E-book: Máquina de Vendas – Potencialize seus resultados com a automação de marketing, da Global AD

globalad-automação1. Introdução

2. Automação de Marketing: o que é e por que fazer

3. Como fazer?

4. Gerando mais oportunidades de vendas!

5. Conclusão

Os e-books do Scup acabaram (por enquanto), mas os estudos, não. Saindo da maratona dos materiais da ferramenta líder de mercado em monitoramento em métricas, para esta semana (corrida), escolhi um material de uma agência cujo trabalho – mesmo de longe – eu, pessoal e profissionalmente, admiro bastante. A Global AD é uma agência gaúcha que atua desde 2008 com especialidade em estratégia e performance digital. Para estudiosos (e entusiastas) como eu, a equipe faz um trabalho muito bom no blog da empresa, onde compartilha posts feitos pelos próprios funcionários sobre os mais diversos assuntos – que já apareceram várias vezes nas minhas leituras da semana.

Buscando cada vez mais aumentar o leque de conhecimento sobre diferentes temas, escolhi este material que trata de um assunto ainda não abordado diretamente aqui no blog (apenas nas leituras esporádicas, como mencionei anteriormente): automação de marketing. Estratégia recorrente do conhecido Inbound Marketing (este criado pela “grande demanda por informação, aliada à capacidade de personalizar diálogos”), é muito utilizada nos dias de hoje por empresas de diferentes ramos. O e-book busca “conceituar a automação em detalhes”, explicando importância de entender práticas como nutrição e segmentação de leads, fluxo de nutrição, alinhamento de equipes e MQL/SQL – além de como adotá-las efetivamente.

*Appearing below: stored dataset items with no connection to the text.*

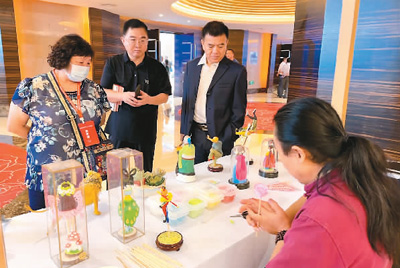 圖為兩岸旅游業者在觀賞非遺項目廬州面塑。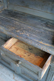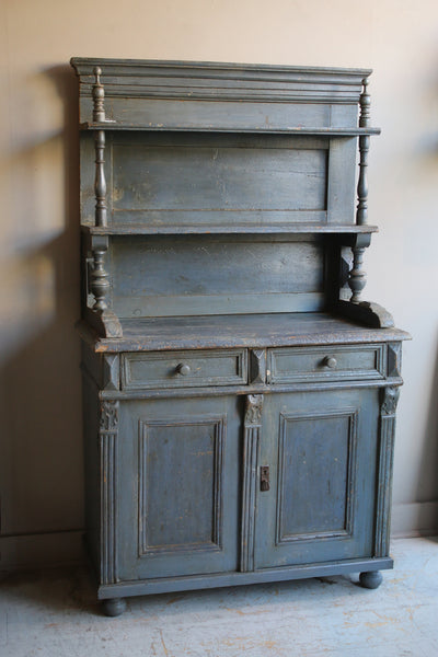 Original vintage, two-part continental dresser, with shelved top, lower cupboard and two drawers. Two shelves on the top interior, one wooden shelf in the lower interior. All original paint and beautifully aged patina - we have waxed to finish.
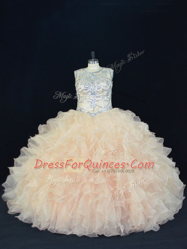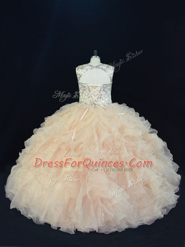 Champagne Lace Up Scoop Beading and Ruffles Quince Ball Gowns Organza Sleeveless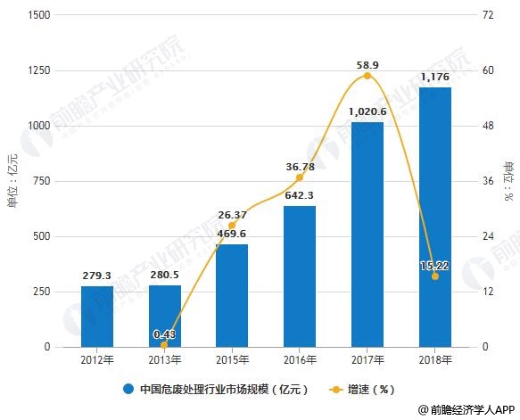 2012-2018年中國(guó)危廢處理行業(yè)市場(chǎng)規(guī)模統(tǒng)計(jì)及增長(zhǎng)情況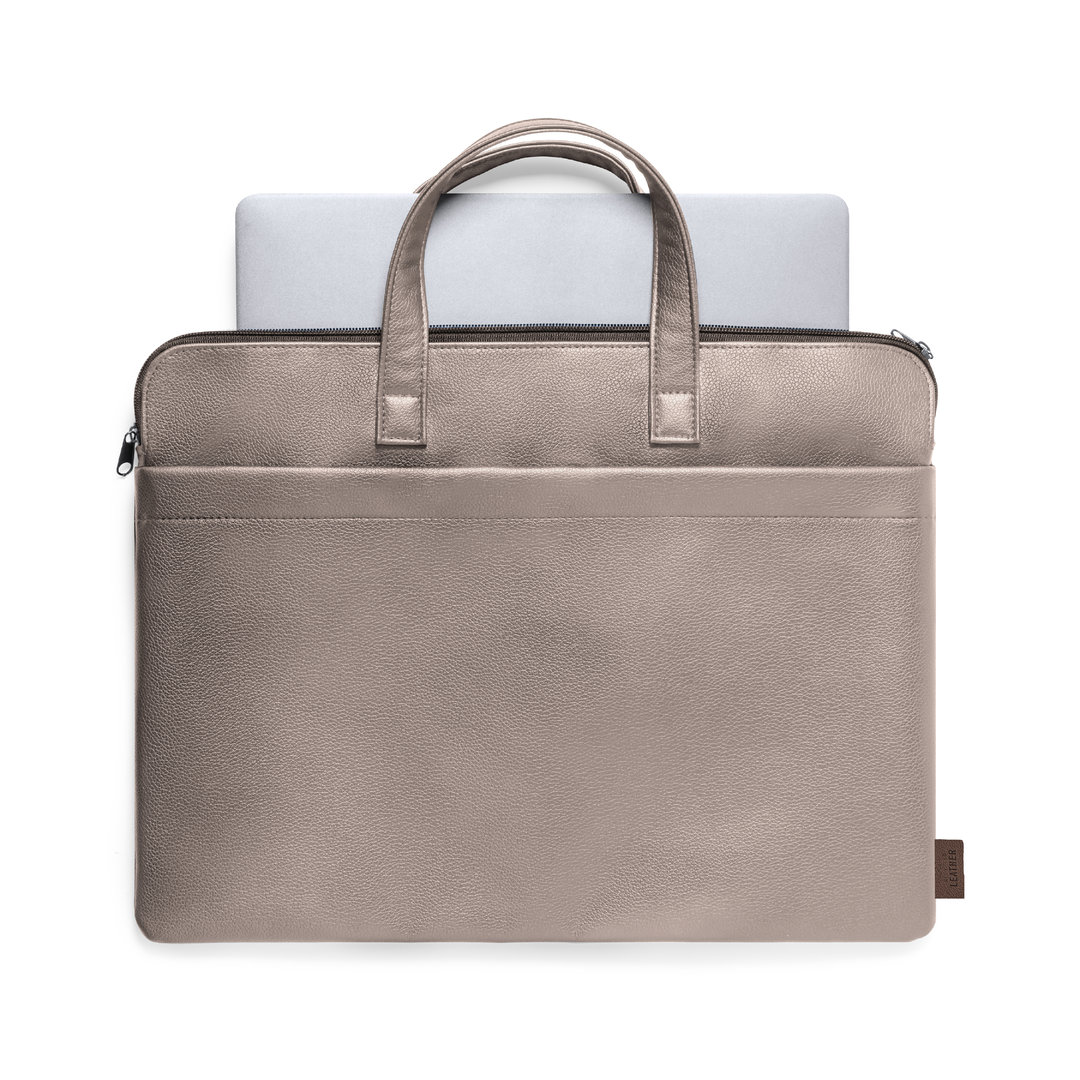 Resistente portadocumentos premium, fabricado en cuero reciclado. Compartimento principal con cierre de cremallera y doble tirador metálico. Interior acolchado, con bolsillo exterior y asas reforzadas a juego. Etiqueta exterior con distintivo cuero reciclado. El cuero reciclado rescata las fibras desechadas en los procesos de fabricación del cuero, minimizando el desperdicio de material, contribuyendo a reducir el impacto ambiental y manteniendo a la vez sus propiedades originales.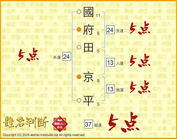 國府田京平さんの総運は37画の5点!

“A Automação de Marketing é um processo que faz parte do Inbound. Como o próprio nome diz, ela automatiza determinados processos de relacionamento, multiplicando as potencialidades de diálogo de uma empresa, dando mais liberdade para o time de marketing desenvolver outras funções e, principalmente, oferecendo informações cruciais para o time de vendas otimizar seus processos.”

Ao mesmo tempo em que a internet qualificou os usuários/clientes, ela também gerou um aumento intenso na demanda de informações para consumidores digitais. Ou seja, ao mesmo tempo em que ela exigiu uma comunicação personalizada e pessoal das empresas para com seus clientes, a quantidade de usuários com quem entrar em contato exigiu que fossem criadas alternativas para lidar com tanta gente com demandas diferentes – e é nesse contexto que surge e se expande a automação de marketing.

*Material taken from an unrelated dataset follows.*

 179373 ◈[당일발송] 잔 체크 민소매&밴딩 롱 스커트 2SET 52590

A ideia por trás dessa estratégia é o que chamam de Inbound Marketing, a técnica que propõe “trazer o consumidor até a sua empresa através da busca de termos específicos em mecanismos de busca, como o Google”. Ou seja, utilizar a mídia própria (canais próprios) para atrair o cliente através de conteúdos responsáveis e úteis que criem um diálogo constante para o fortalecimento do relacionamento entre as duas partes, garantindo um encaminhamento de progresso dentro da jornada do consumidor e do funil de vendas.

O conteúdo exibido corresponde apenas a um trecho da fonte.